▸ **BRIEF**: Reproduce exactly, from the data that follows, the line with "Il registratore include", the line with "サイズ:【F】着丈115㎝ バスト96㎝ ウエスト64-76㎝ 肩幅42㎝ 袖丈59㎝", and every line that lies between them.

▸ **RECORDS SUPPLIED**:
▼

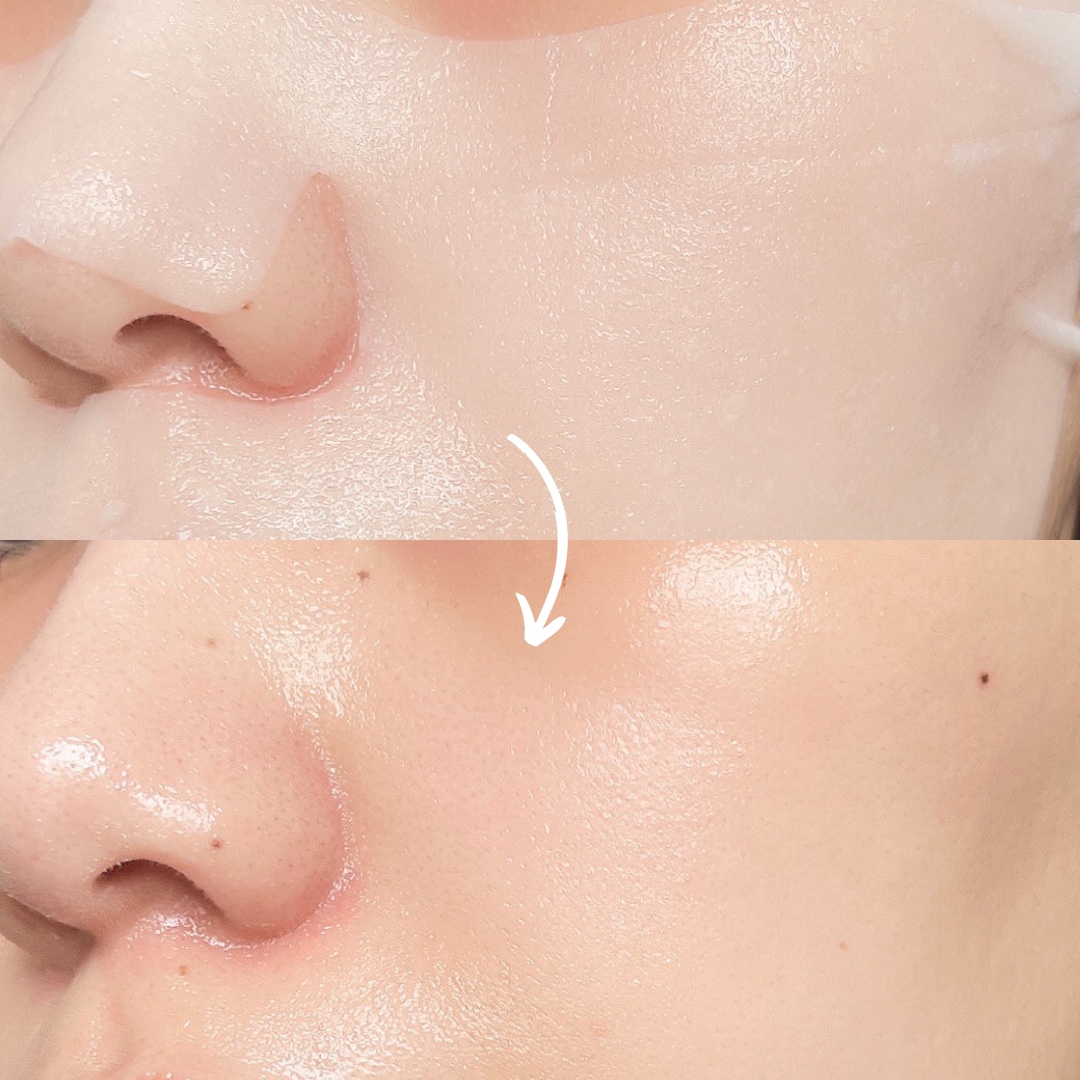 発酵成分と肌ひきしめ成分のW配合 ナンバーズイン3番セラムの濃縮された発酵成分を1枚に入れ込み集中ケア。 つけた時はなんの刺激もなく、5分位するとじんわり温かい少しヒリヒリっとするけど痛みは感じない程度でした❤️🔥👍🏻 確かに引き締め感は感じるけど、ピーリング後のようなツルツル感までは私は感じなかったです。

▲
▼

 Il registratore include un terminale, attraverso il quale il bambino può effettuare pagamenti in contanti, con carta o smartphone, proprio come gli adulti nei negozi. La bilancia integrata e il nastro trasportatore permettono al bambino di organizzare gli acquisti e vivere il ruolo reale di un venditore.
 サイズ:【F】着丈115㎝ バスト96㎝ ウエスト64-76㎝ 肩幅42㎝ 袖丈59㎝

▲
▼

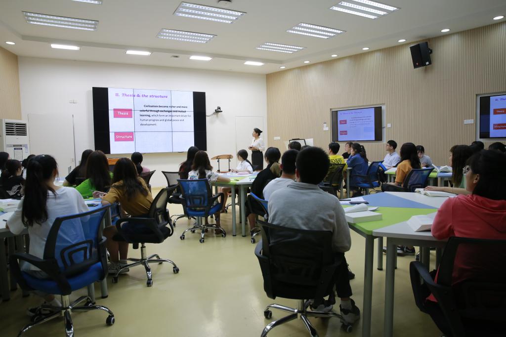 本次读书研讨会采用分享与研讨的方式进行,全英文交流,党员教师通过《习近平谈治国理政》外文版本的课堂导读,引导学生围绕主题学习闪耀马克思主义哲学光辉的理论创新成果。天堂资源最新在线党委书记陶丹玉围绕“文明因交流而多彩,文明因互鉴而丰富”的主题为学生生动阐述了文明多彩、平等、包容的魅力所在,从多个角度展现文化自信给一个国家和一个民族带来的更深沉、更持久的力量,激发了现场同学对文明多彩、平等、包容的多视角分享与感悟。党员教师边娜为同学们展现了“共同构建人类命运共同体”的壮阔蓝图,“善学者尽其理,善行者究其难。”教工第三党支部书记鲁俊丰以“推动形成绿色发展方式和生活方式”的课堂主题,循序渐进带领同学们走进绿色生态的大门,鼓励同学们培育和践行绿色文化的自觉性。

▲

▸ **RESPONSE AREA**:
 Il registratore include un terminale, attraverso il quale il bambino può effettuare pagamenti in contanti, con carta o smartphone, proprio come gli adulti nei negozi. La bilancia integrata e il nastro trasportatore permettono al bambino di organizzare gli acquisti e vivere il ruolo reale di un venditore.
 サイズ:【F】着丈115㎝ バスト96㎝ ウエスト64-76㎝ 肩幅42㎝ 袖丈59㎝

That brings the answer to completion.